Pendant la phase d’enseignement, l’expérimentateur lit une histoire qui n’est pas connue par l’enfant, mais qui a une structure similaire aux histoires des pré- et post-tests. Il aide ensuite l’enfant à raconter l’histoire en utilisant des supports visuels et verbaux (indices verbaux, icônes colorées etc.). Ainsi, l’expérimentateur montre à l’enfant ce que l’on attend de lui lorsqu’il raconte une histoire et lui donne les outils pour y parvenir. Pour finir, lors du post-test, l’examinateur raconte une autre histoire, puis il demande à l’enfant de raconter à son tour l’histoire. Ainsi, les phases de pré- et de post-tests suivent les mêmes étapes. Lors de la phase de rappel du post-test, l’expérimentateur évalue à nouveau les éléments de micro- et de macrostructures rapportés par l’enfant. En comparant les scores obtenus lors des phases de pré- et de post-tests, il peut évaluer si l’enfant a réussi à utiliser les stratégies qui lui ont été enseignées et donc évaluer s’il y a une amélioration significative des performances de l’enfant en discours narratif lors du post-test.

• Incitation graduée

La deuxième méthode utilisée par l’évaluation dynamique est la présentation d’indices gradués, du moins au plus aidant (graduated prompting). Ceci permet d’évaluer le nombre

d’indices dont l’enfant a besoin pour produire l’item cible. A titre d’illustration, dans le Scaffolding Scale of Stimulability (Glaspey & Stoel-Gammon, 2005), un enfant est incité à produire un phonème (consonnes et clusters) à l’intérieur d’un mot. Si le phonème est mal prononcé, l’expérimentateur présente une série d’indices gradués jusqu’à ce que l’enfant réussisse à produire le son correctement ou que l’expérimentateur réalise que le phonème est non stimulable chez l’enfant. Par exemple, l’expérimentateur peut d’abord expliquer à l’enfant comment placer les articulateurs, puis si l’enfant n’arrive toujours pas à produire le phonème cible, il lui donne un modèle verbal. Le modèle verbal est également composé de plusieurs étapes : segmentation, prolongation du phonème, production du son en même temps que l’enfant et manipulation des articulateurs ou représentation tactile du son.

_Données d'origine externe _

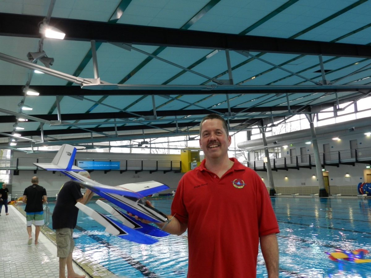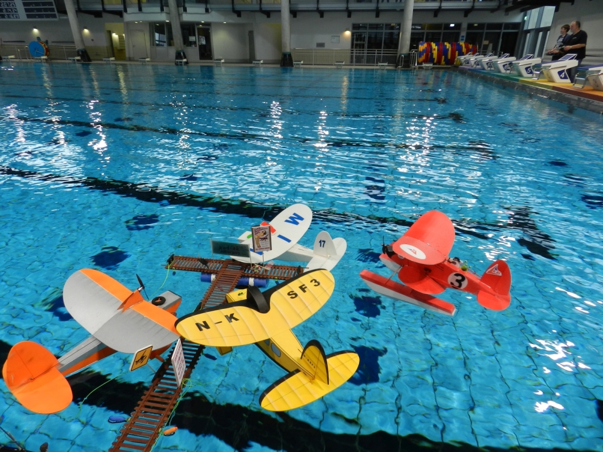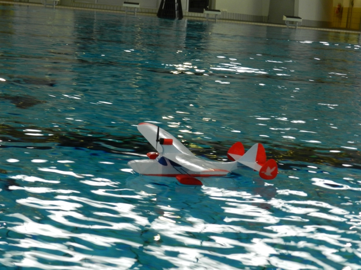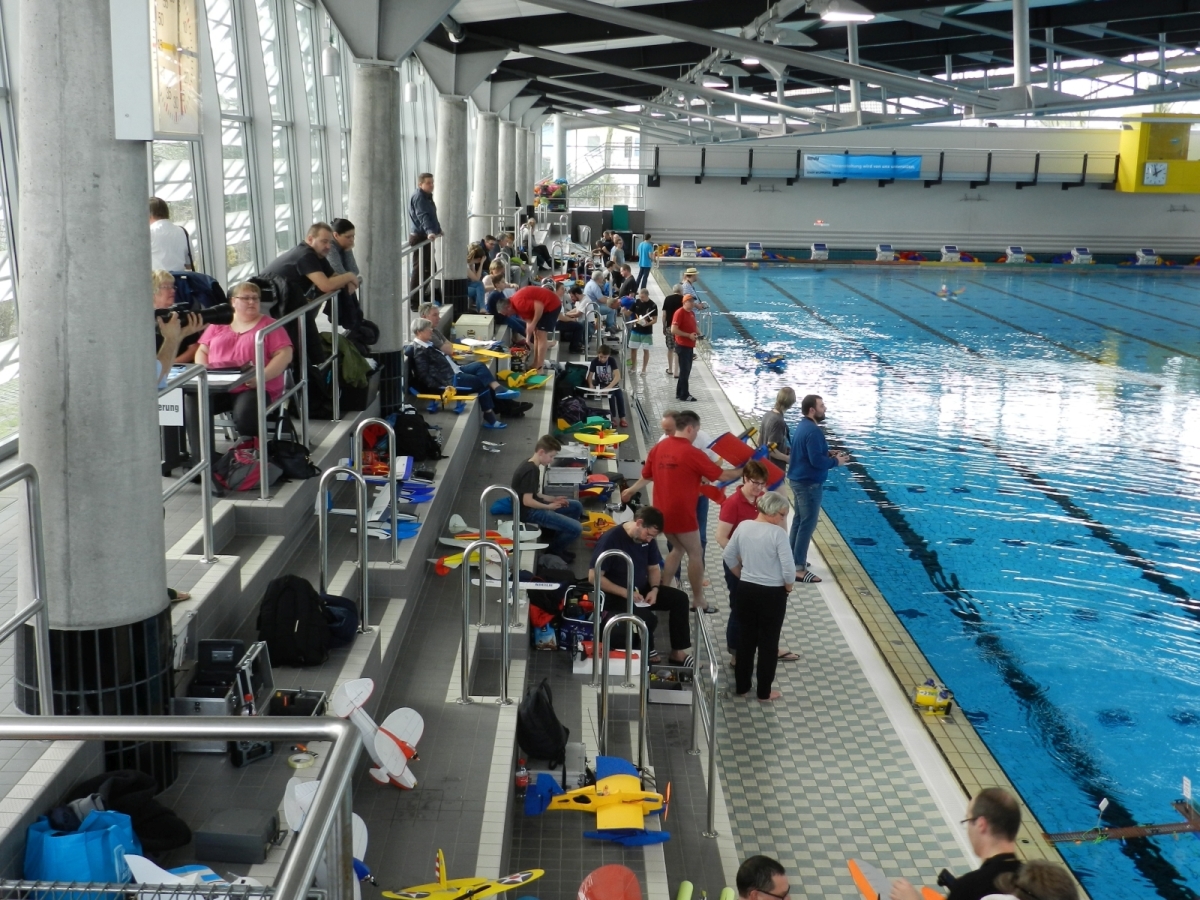 Am 25. Februar war es dann soweit, der Verein hatte zum 1. WIW (Wuppertaler-Indoor-Wasserfliegen) eingeladen. Das Schwimmbecken mit 50×25 m bietet reichlich Platz und Flugmöglichkeit. Über 40 Piloten waren nahezu aus dem gesamten Bundesgebiet angereist, drei sogar aus Belgien. Ein Großteil der rund 100 mitgebrachten Modelle wurde extra für diese Veranstaltung gebaut oder für den Wasserflug mit Schwimmern ausgerüstet. Sehr beliebt war hier zum Beispiel der Magnum Reloaded. Und rund 15 mal war das Bauplanmodell Jupiter Duck vertreten, ein einfach und leicht aufgebautes Flugboot von Thomas Buchwald mit hervorragenden Eigenschaften auf dem Wasser und in der Luft. Micheal Rützel und Stefan Hesse begeisterten mit ihren Cabbys, einem FMT-Downloadplanmodell.
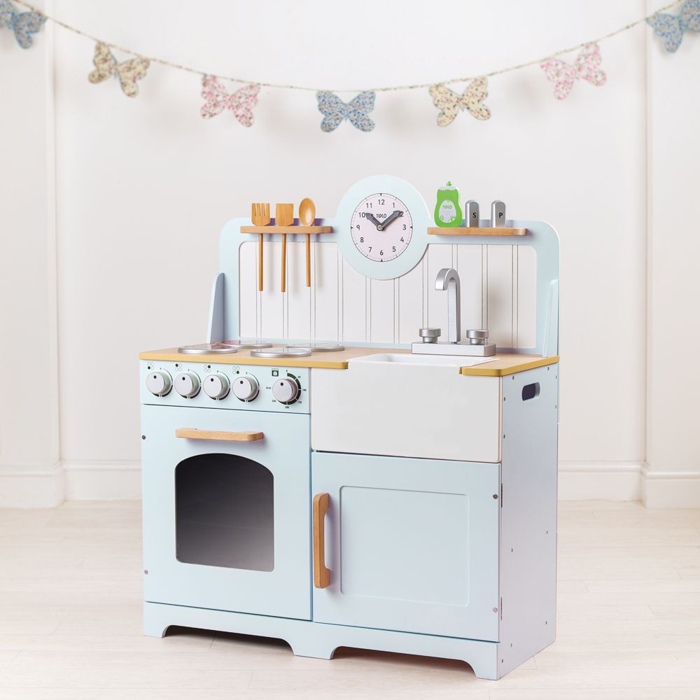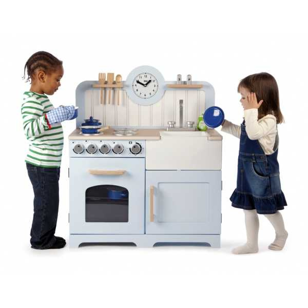 Mladí nastávající kuchaři si užijí vaření a pečení s touto dřevěnou kuchyní! Je vybavena čtyřmi varnými deskami, které jsou ovládány otočnými ciferníky, které vydávají klapavý zvuk. Obsahuje také troubu s policí a průzor, aby mladí kuchaři mohli jídlo kontrolovat. Dále úložnou skříňku, dřez, nádobí, které se dá zavěsit (viz obrázek), sůl a pepř a nakonec hodiny s otočnými ručičkami. Kuchyňka má vyšší desku a tak rostoucím dětem vydrží více let. Na boku má rukojeti k lehčímu uchopení. Skvělý způsob jak děti naučit bezpečnosti v kuchyni a zdravé stravě. Podporuje kreativní a představivou hru. Rozvíjí koordinaci ruka-oko a zručnost. Po vybalení je nutno složit. Vyrobeno z kvalitních materiálů z odpovědných zdrojů. Odpovídá evropské bezpečnostní normě.
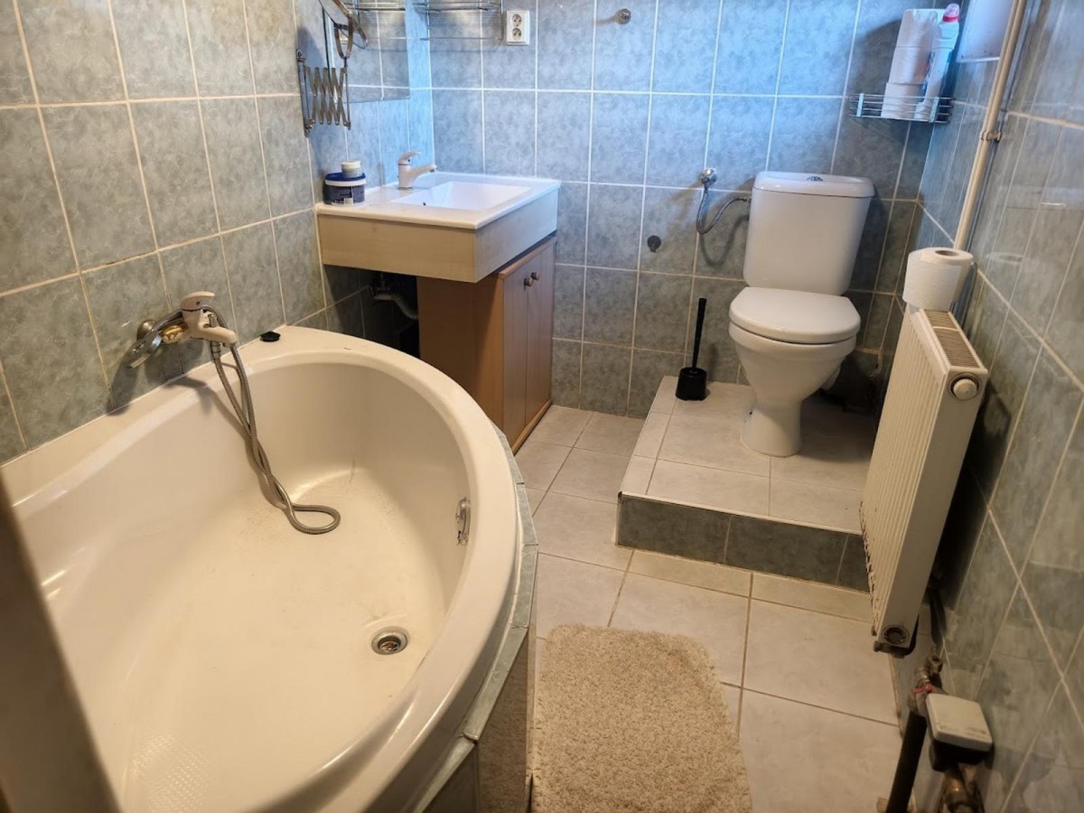Z již v popisu navštívené chodby se vstupuje na nádvoří, taktéž do koupelny s rohovou vanou a sociální zařízení WC, v zákoutí chodby kotel na tuhá paliva, který je hlavním způsobem vytápění domu a při faktu, že Zouvalka nedisponuje plynovým řádem, je tento způsob temperance, spolu s možností elektrického kotle, nutným způsobem vytápění.
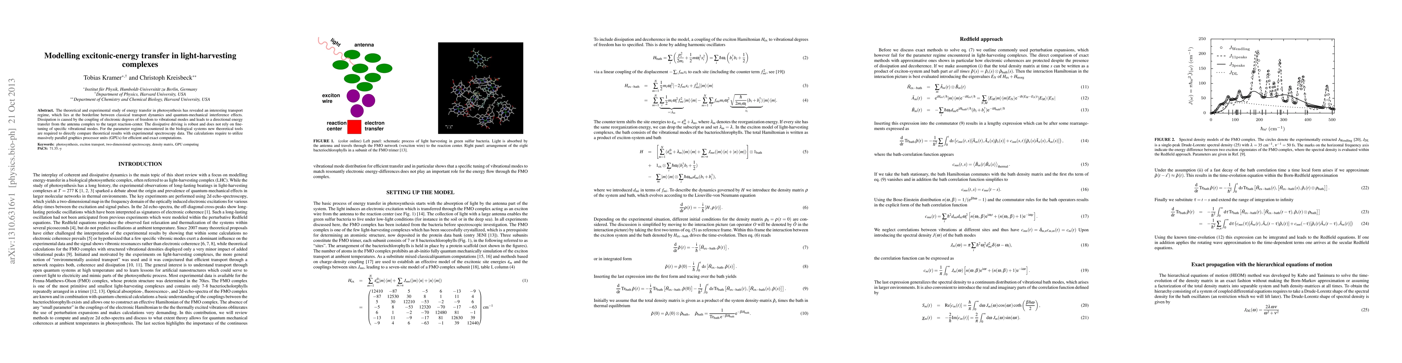 The theoretical and experimental study of energy transfer in photosynthesis has revealed an interesting transport regime, which lies at the borderline between classical transport dynamics and quantum-mechanical interference effects. Dissipation is caused by the coupling of electronic degrees of freedom to vibrational modes and leads to a directional energy transfer from the antenna complex to the target reaction-center. The dissipative driving is robust and does not rely on fine-tuning of specific vibrational modes. For the parameter regime encountered in the biological systems new theoretical tools are required to directly compare theoretical results with experimental spectroscopy data. The calculations require to utilize massively parallel graphics processor units (GPUs) for efficient and exact computations.
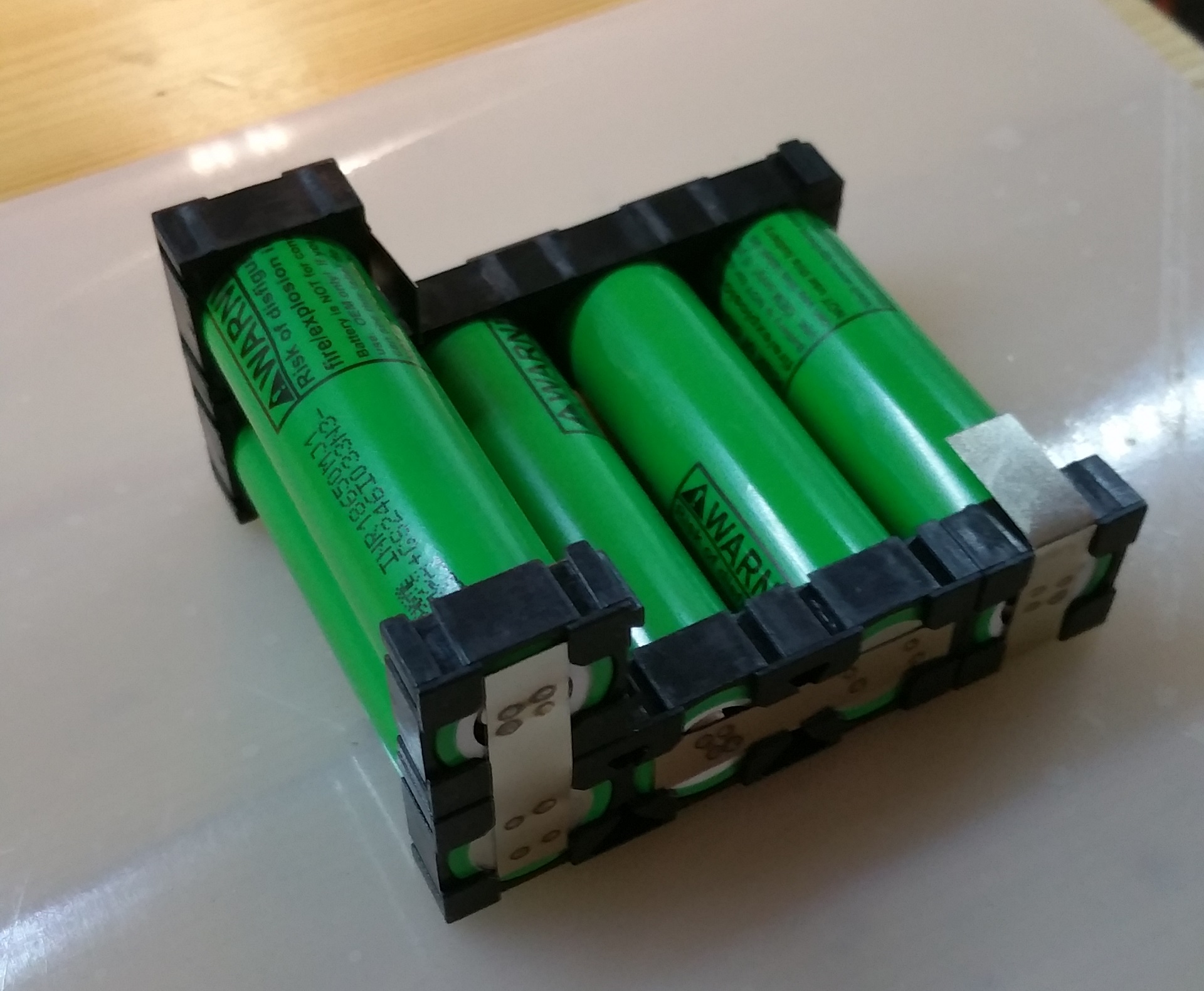 Ik heb deze accu gebouwd om mijn TS100 soldeerbout te kunnen gebruiken zonder stopcontact in de buurt. De accu bestaat uit vijf LG INR18650-MJ1 3500mAh cellen in serie, en komt daarmee uit op een nominaal voltage van 18 volt, en een capaciteit van 63Wh. De TS100 heeft een maximaal vermogen van 65 watt. Dit betekend dat de accu in het uiterste geval binnen een klein uur leeg is. Omdat de soldeerbout dit vermogen alleen nodig heeft bij het opwarmen, zal dit in de praktijk veel langer zijn.
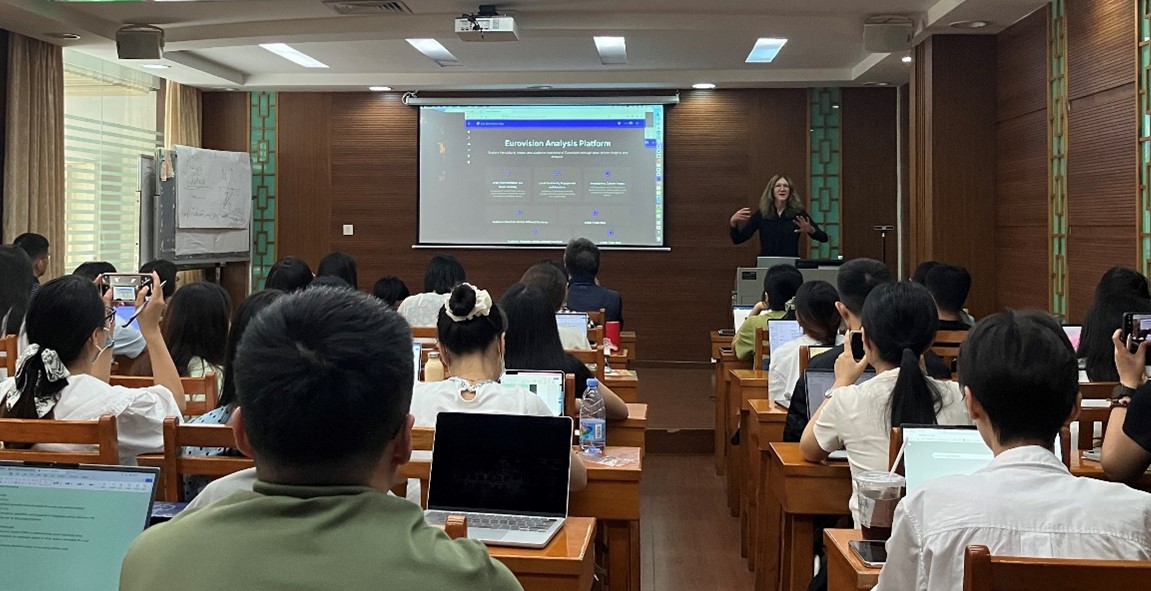 O’Halloran教授从这一基于语境的信息融合方法出发,以选手展示和音乐传播、社区参与及反应、文化影响等主题为焦点,揭示数据驱动下的节目传播及观众反应规律。她展示了其团队开发的元-利物浦平台(Meta-Liverpool Platform),该平台可用于多模态数据分析并实现结果的可视化。研究发现,公众情感、讨论主题和参与规律随着节目关键事件而引发讨论高潮。YouTube等社交媒体起到了引导及助推舆论等作用。讨论主题也涉及到音乐、悲剧及全球议题等广泛文化主题。讲座结束前, O’Halloran教授引导在场听众重新思考AI作为自动化(automation)工具在数字化时代的适用性。她认为鉴于目前AI的“黑箱”特性,基于功能语言学的多模态分析是提升透明度的途径之一。
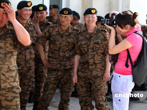 6月28日,中国蒙古“维和使命--2009”维和联合军事训练在北京地区某训练场拉开序幕。这次联合训练按照联合国框架下维和分队担负的任务分理论研究、共同训练、综合演练三个阶段展开。图为在解放军有关方面组织的记者采访中,中方一名女记者采访蒙古参训军人。中新社发 宋吉河 摄
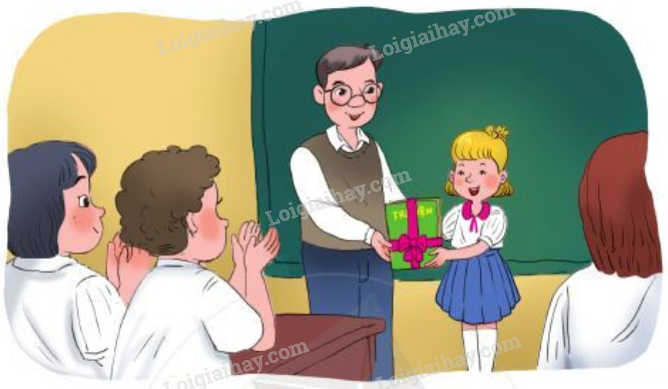 Cả lớp chúc mừng Ma-ri-ca bằng một tràng pháo tay. Rồi thầy thay mặt các bạn trong lớp tặng Ma-ri-ca một quyển truyện cổ tích.
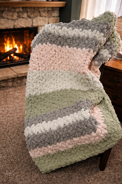 My neighbor at Maple Street Crafts hit the mark with the new blanket for my reading chair! It's pretty on both sides - and perfectly completed my reading nook vibe. Five stars. Highly recommend.

• L’expérience d’apprentissage médiatisée

Enfin, la troisième méthode utilisée en évaluation dynamique est l’expérience d’apprentissage médiatisée (MLE) qui consiste à attirer l’attention de l’enfant sur les stimuli pertinents et à faciliter le transfert et la généralisation des compétences apprises à de nouvelles tâches. Il y a une interaction entre l’expérimentateur et l’enfant pendant l’évaluation afin d’aider l’enfant à prendre conscience de ce qu’il est en train de faire. La MLE est composée de quatre caractéristiques :

- Le sens : l’expérimentateur explicite la signification de l’activité à l’enfant et l’aide à comprendre pourquoi il se trouve dans une situation d’apprentissage ;

- L’intentionnalité : l’évaluateur explicite l’objectif de l’apprentissage ;

- La transcendance : l’expérimentateur rend explicite le lien entre l’activité faite et les expériences vécues par l’enfant ;

- Le sentiment de compétence : l’évaluateur donne un feedback à l’enfant et le félicite.

Dans une étude sur les compétences d’apprentissage de mots (Kapantzoglou et al., 2011), l’expérimentateur explique ainsi l’objectif de l’activité (sens), fait un lien entre l’activité et les expériences de l’enfant qui ont lieu dans sa vie quotidienne (transcendance) et à la fin de l’évaluation, souligne le changement positif que cette activité permet (sentiment de compétence).

1.2.4 Echelle de modifiability

Lors de l’évaluation dynamique, en plus de l’utilisation d’une ou de plusieurs méthodes mentionnées ci-dessus, certains auteurs utilisent une échelle de modifiability : la Learning Strategies Checklist (Lidz, 1991 ; Peña, 2000). Cette échelle évalue les différents comportements de l’enfant dans une situation d’apprentissage pendant la tâche d’évaluation dynamique du langage ainsi que le niveau d’effort requis par l’examinateur (De Lamo White

& Jin, 2011). Selon Peña (2000), il existe un lien entre le score de modifiability et les capacités langagières de l’enfant. En effet, les enfants qui ont des capacités langagières plus faibles présentent des difficultés plus importantes, en comparaison aux enfants à développement typique à, par exemple, transférer ce qu’ils ont appris.